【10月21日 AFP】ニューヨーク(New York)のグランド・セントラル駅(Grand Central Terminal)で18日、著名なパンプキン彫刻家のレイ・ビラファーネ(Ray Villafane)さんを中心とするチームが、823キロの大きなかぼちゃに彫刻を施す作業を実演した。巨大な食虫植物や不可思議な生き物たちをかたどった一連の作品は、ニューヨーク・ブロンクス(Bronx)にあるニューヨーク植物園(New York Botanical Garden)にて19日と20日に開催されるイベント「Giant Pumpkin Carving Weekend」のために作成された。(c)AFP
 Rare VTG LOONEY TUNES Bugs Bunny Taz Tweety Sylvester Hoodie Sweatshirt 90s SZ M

:::::

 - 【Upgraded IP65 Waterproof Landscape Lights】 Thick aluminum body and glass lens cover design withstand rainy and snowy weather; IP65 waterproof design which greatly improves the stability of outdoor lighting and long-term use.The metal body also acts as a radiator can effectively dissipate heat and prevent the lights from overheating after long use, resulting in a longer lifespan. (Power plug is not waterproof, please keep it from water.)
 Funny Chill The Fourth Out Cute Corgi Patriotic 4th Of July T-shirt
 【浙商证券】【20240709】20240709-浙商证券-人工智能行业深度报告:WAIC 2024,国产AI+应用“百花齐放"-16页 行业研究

:::::

Go through the material above and output exactly the lines from the one containing "Pumpkin Carving Weekend」のために作成された。(c)AFP" through the one containing "Rare VTG LOONEY".

Task response:
【10月21日 AFP】ニューヨーク(New York)のグランド・セントラル駅(Grand Central Terminal)で18日、著名なパンプキン彫刻家のレイ・ビラファーネ(Ray Villafane)さんを中心とするチームが、823キロの大きなかぼちゃに彫刻を施す作業を実演した。巨大な食虫植物や不可思議な生き物たちをかたどった一連の作品は、ニューヨーク・ブロンクス(Bronx)にあるニューヨーク植物園(New York Botanical Garden)にて19日と20日に開催されるイベント「Giant Pumpkin Carving Weekend」のために作成された。(c)AFP
 Rare VTG LOONEY TUNES Bugs Bunny Taz Tweety Sylvester Hoodie Sweatshirt 90s SZ M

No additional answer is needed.